After learning the Docker basics, it is time to create our images. Creating our own custom Docker image allows us to have more control over application configurations, dependencies, security, and more. And it is easy and fun. Get ready for it!


Custom Docker images give us control over application configurations and dependencies, improving security, and performance. We can create a custom Docker image tailored to our own needs, with the dependencies we want, and the code we want.

For example, we want everybody in our dev team to use Ubuntu 20.04 with Apache and the code in one GitHub repo. We could create a custom Docker image, upload it and tell everybody in the dev team to work using that image.

No more dependencies problem, no more "I don't know how to install X" and, especially, no more "But it works on my computer".

We just need to create one image packaged with all we need, that executes every step we want.

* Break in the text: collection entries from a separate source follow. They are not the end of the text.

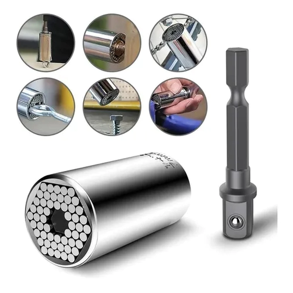 A Chave Universal é a solução prática e versátil para remoção de parafusos, porcas e ganchos de diversos formatos, inclusive danificados, enferrujados ou com cabeças gastas. Adaptável a qualquer tipo de fixador entre 7mm e 19mm (ou 1/4" a 3/4"), substitui diversos soquetes em uma única ferramenta.
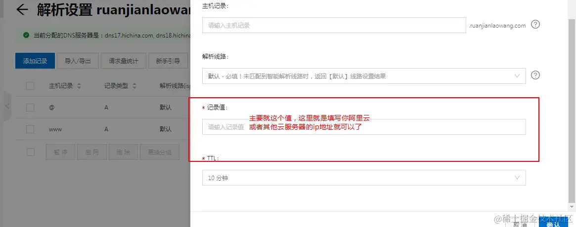 (4)这里主要就填写记录值这一项就可以,这里就是配置你的服务器ip,这样服务器就和你的域名关联起来了。
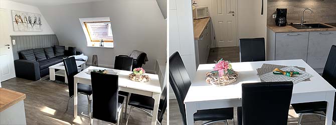 3-Raum-Wohnung mit 85 qm Grundfläche, bestehend aus einem Wohnraum, Küche mit Essraum, 2 Schlafräumen, großes Bad mit Badewanne und Dusche, Geschirrspüler, Waschmaschine. Überdachte Terrasse mit Gartenmöbel. Anmietung: bis 4 Personen.
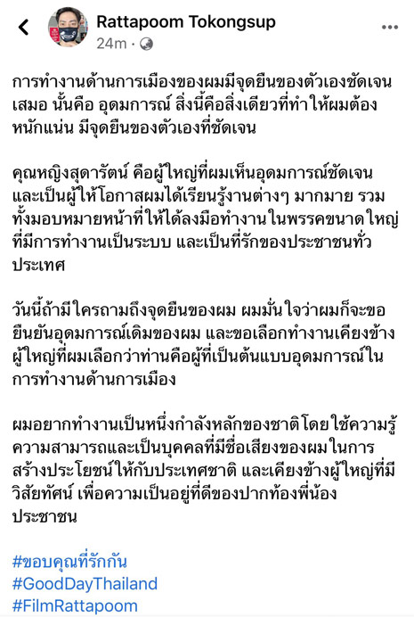 “ฟิล์ม รัฐภูมิ” ส่งจดหมายลาออกสมาชิกพรรคเพื่อไทยแล้ว มีผลวันนี้ โดยไม่ได้ระบุสาเหตุ
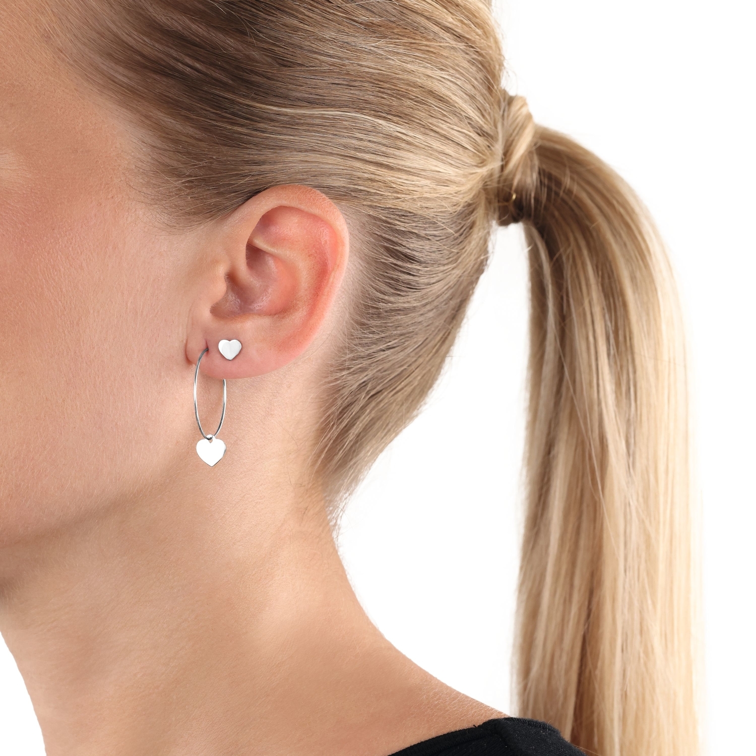 - Das zweiteilige Set besteht aus süßen Basic Ohrsteckern in Herzform sowie Creolen (Ø ca. 2,5 cm) mit Herzanhängern
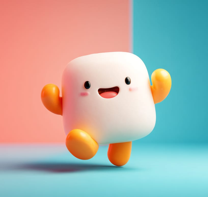 /imagine prompt: A playful 3D character mascot for a tech startup, in the clean and vibrant "Pop Matte 3D" illustration style. 3D render, C4D style. The character has a super smooth, matte, soft-touch plastic texture. The lighting is soft and diffuse, like in a professional photo studio. The colors are applied with soft, clean gradients, featuring a cheerful pastel pink and orange palette. Posed against a simple, two-tone background
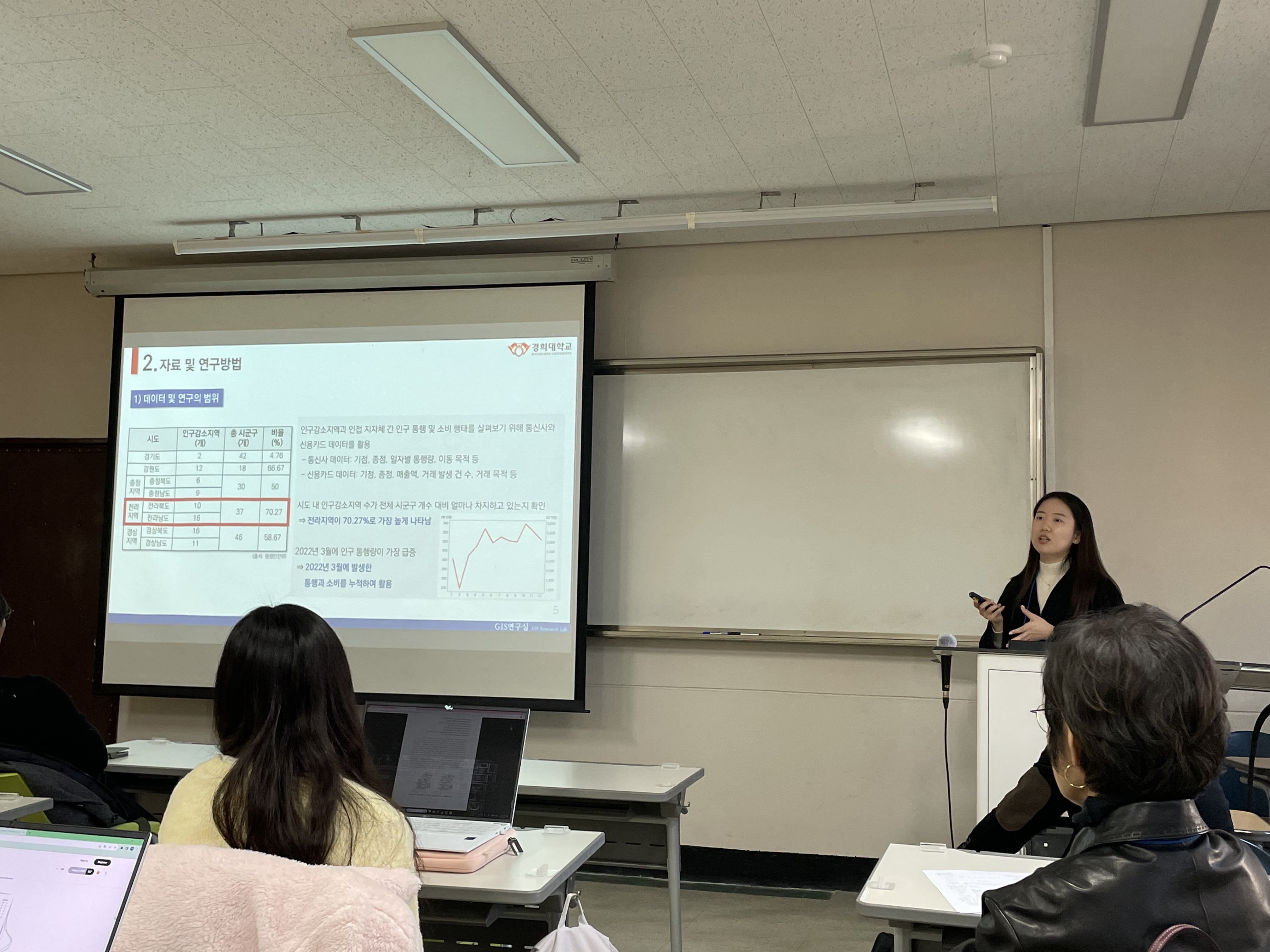 Presented research on "Spatial Associations of Intercity Flows between Depopulation Regions" at the Korean Geographical Society Conference.
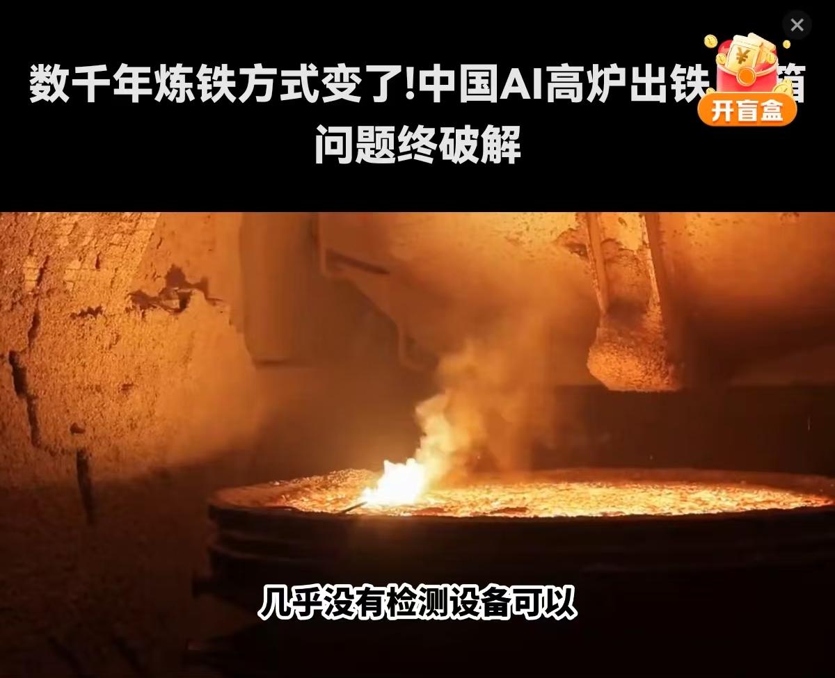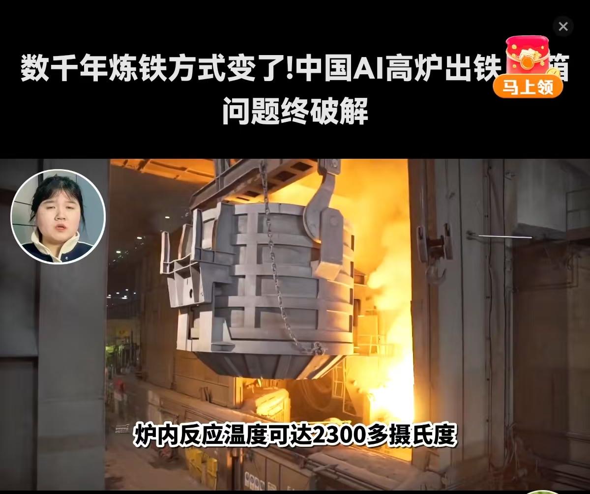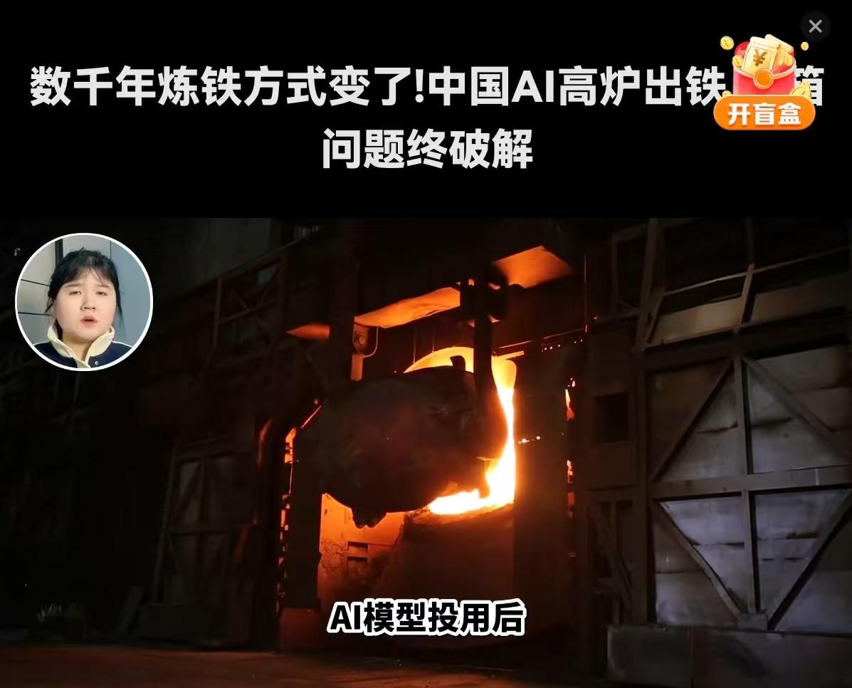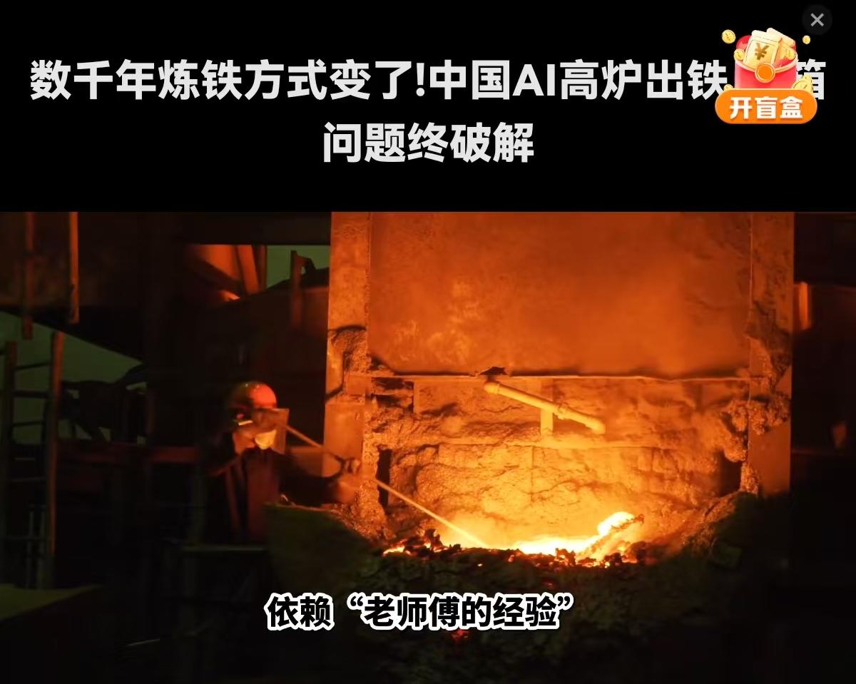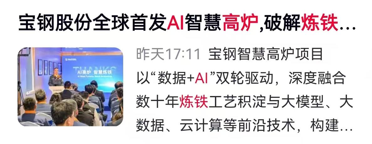 数千年炼铁方式彻底改变!中国宝钢AI高炉正式出铁。4月3日全球首发,AI替代人工经验,破解高炉“黑箱”难题,预测命中率超90%,实现降本、增效、低碳,开创钢铁行业智能化革命里程碑。 技术突破与实效 预测精度:核心AI模型对铁水温度、硅含量的2小时预测命中率超90%,实现全自动闭环控制。 合作开发:由宝钢股份联合宝信软件、华为共同研发,覆盖原料至炼铁全流程。 能效提升:燃料消耗持续下降,铁水质量稳定性显著提高,单座高炉年创效超千万元。 行业里程碑意义 全球首创:首次实现高炉炼铁全流程智能化,推动钢铁行业向绿色低碳转型。 战略落地:宝钢股份2024年启动的AI战略进入成果转化阶段,智慧高炉为标杆项目。 宝钢股份全球首发AI智慧高炉,破解炼铁“黑箱” 难题 昨天 宝钢智慧高炉项目以“数据+AI”双轮驱动,深度融合数十年炼铁工艺积淀与大模型、大数据、云计算等前沿技术,构建覆盖原料、烧结、炼焦、高炉炼铁全流程的感知-决策-执行闭环智能管控体系,实现从“经验驱动”到“数据驱动”、从“被动应对”到“主动预测”的根本转变,成功破解高炉“黑箱”调控难题。数据显示 上观新闻
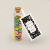 fiolka zawiera 25 g kolorowych cukierków z czekolady mlecznej w polewie
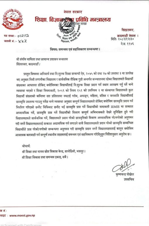 साथै छात्रवृत्ति प्राप्त गर्ने विद्यार्थीको विवरण सम्पूर्ण अभिभावकले देख्ने सुनिश्चित हुने गरी विद्यालयहरुले सार्वजनिक गर्ने तथा विद्यालयले प्रदान गरेको छात्रवृत्तिको विवरण अध्यावधिक गरे/नगरेको अनुगमन गरी नगर्ने विद्यालयलाई तत्काल अद्यावधिक गर्न लगाउने पत्रमा भनिएको छ ।
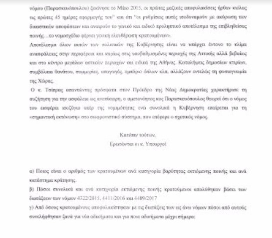 Η ΝΔ από την πρώτη στιγμή προειδοποίησε για τις δυσμενείς αυτές επιπτώσεις αλλά η Κυβέρνηση επέμεινε να αντιμετωπίζει αποσπασματικά και με προχειρότητα τον πιο ευαίσθητο τομέα του κράτους. Ειδικά στο ζήτημα των σωφρονιστικών καταστημάτων η Κυβέρνηση αντιμετωπίζει τα προβλήματα απλά με όρους αποσυμφόρησης και όχι με όρους εκσυγχρονισμού και συνολικού σχεδιασμού της αντεγκληματικής πολιτικής.
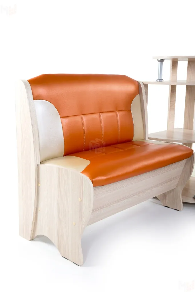 Угловая скамья Лотос имеет 2 ящика под сидениями для хранения мелочей. Каркас выполнен из ЛДСП ясень шимо, обивка выполнена из кожзама Терра эффект 105/101. -
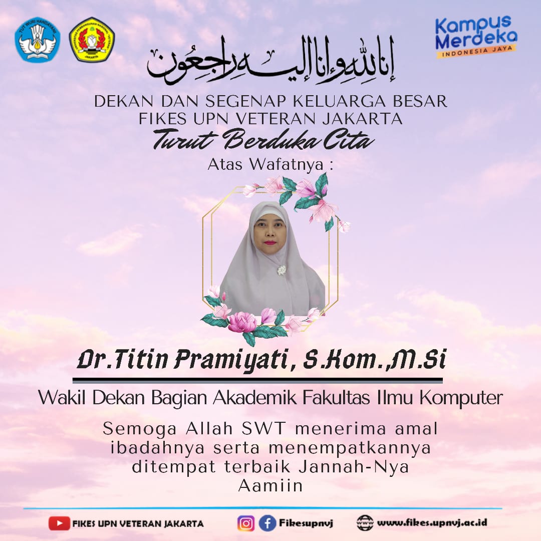 FIKES UPNVJ – Dekan dan Segenap Keluarga Besar Fakultas Ilmu Kesehatan Universitas Pembangunan Nasional Veteran Jakarta Turut berduka cita atas berpulang sahabat kita Dr.Titin Pramiyati, M.Si. (Wakil Dekan Bidang...
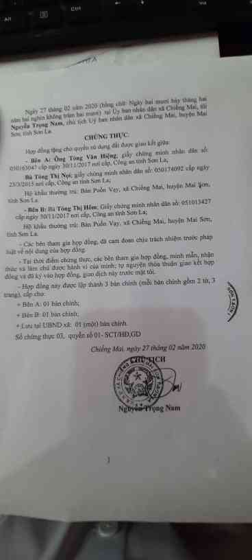 UBND xã Chiềng Mai huyện Mai Sơn, tỉnh Sơn La đã có văn bản nhất trí cho triển khai giúp đỡ Bà Hôm và có hợp đồng tặng cho Quyền sử dụng đất giữa Gia đình Ông Tòng Văn Hiệng và bà Tòng Thị Hôm.
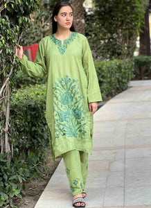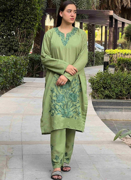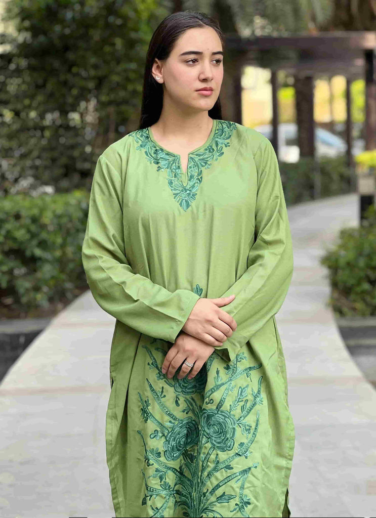 Introducing the Green Tone on Tone Kashmiri Aari Embroidered Cord Set, a luxurious full suit made from summer cool cotton for exceptional comfort in warm weather. This stunning ensemble features delicate Aari embroidery in a tone-on-tone design, enhancing the rich green fabric with intricate details that highlight the elegance of traditional Kashmiri craftsmanship.

Doing the process steps manually

One tip before creating our own custom Docker image is to do the process manually: We get a clean Linux system (A Virtual Machine created with Vagrant it is the easy way as you can use the image and discard it later) and we run the commands we want.

Using a process of trial and error, we install and configure everything we want until it is done. We will repeat these steps on our Docker image.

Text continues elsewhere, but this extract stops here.